- The European Commission and president-elect Jean-Claude Juncker has decided to cede all control over EU drug-related decisions -- including the European Medicines Agency (EMA) -- from the Directorate-General for Health and Consumers over to the Directorate-General for Enterprise and Industry and the pharmaceutical industry.
- Advocacy groups like Health Action International (HAI) warn that this move is not in the best interest of consumers and patients.
- Data transparency advocates expressed particular outrage at the decision, arguing that it will greatly set back the clinical trial sunshine movement.
Some onlookers contend that clinical trial transparency in the EU is now in jeopardy. The EMA has been largely spearheading the transparency movement, which has gotten significant pushback from many in the pharma industry who feel it is being pursued too aggressive and rapidly.

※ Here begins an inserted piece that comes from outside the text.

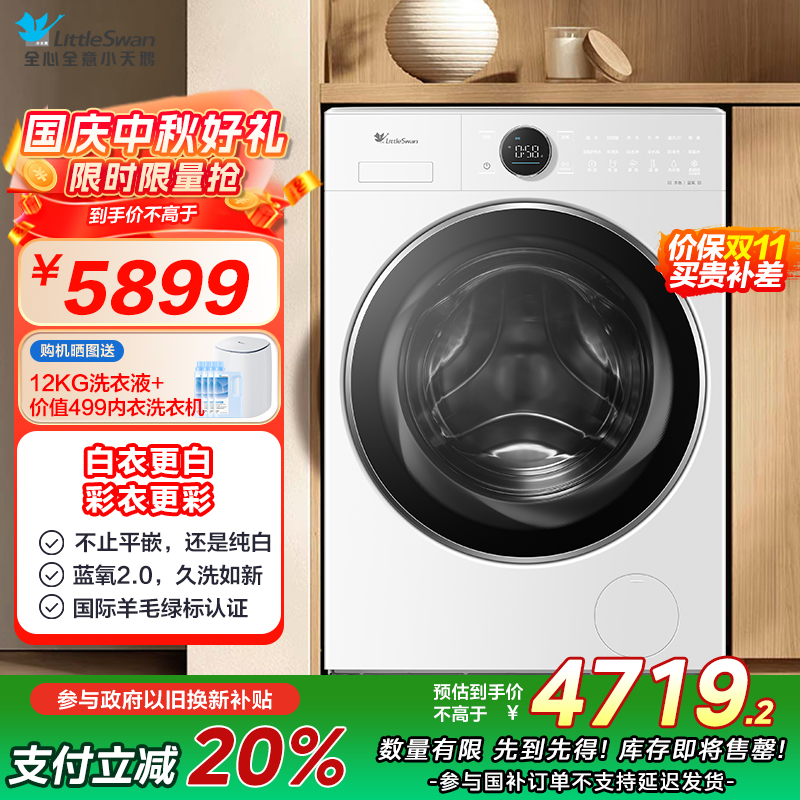 小天鹅(LittleSwan)滚筒洗衣机全自动纯平全嵌蓝氧防串色 10kg纳米银离子除菌[小蓝鲸2.0]TG10VE80

Many groups, including the HAI and the European Public Health Alliance, have characterized Juncker and the Commission's decision as bad for public health and the well-being of patients in the EU. Some cite the DG for Enterprise and Industry's prior failure to efficiently coordinate public health emergency responses during crises such as the H1N1 flu pandemic.
Organizations like HAI also noted the potential setbacks for transparency campaigns. “EMA had encountered significant opposition to its policy on public access to clinical trial data from the pharmaceutical industry in the last year," said the group in a statement. "Now, the strong opposition from the industry will be more loudly heard by the EMA, and will most likely jeopardise independent review and, ultimately, patient safety."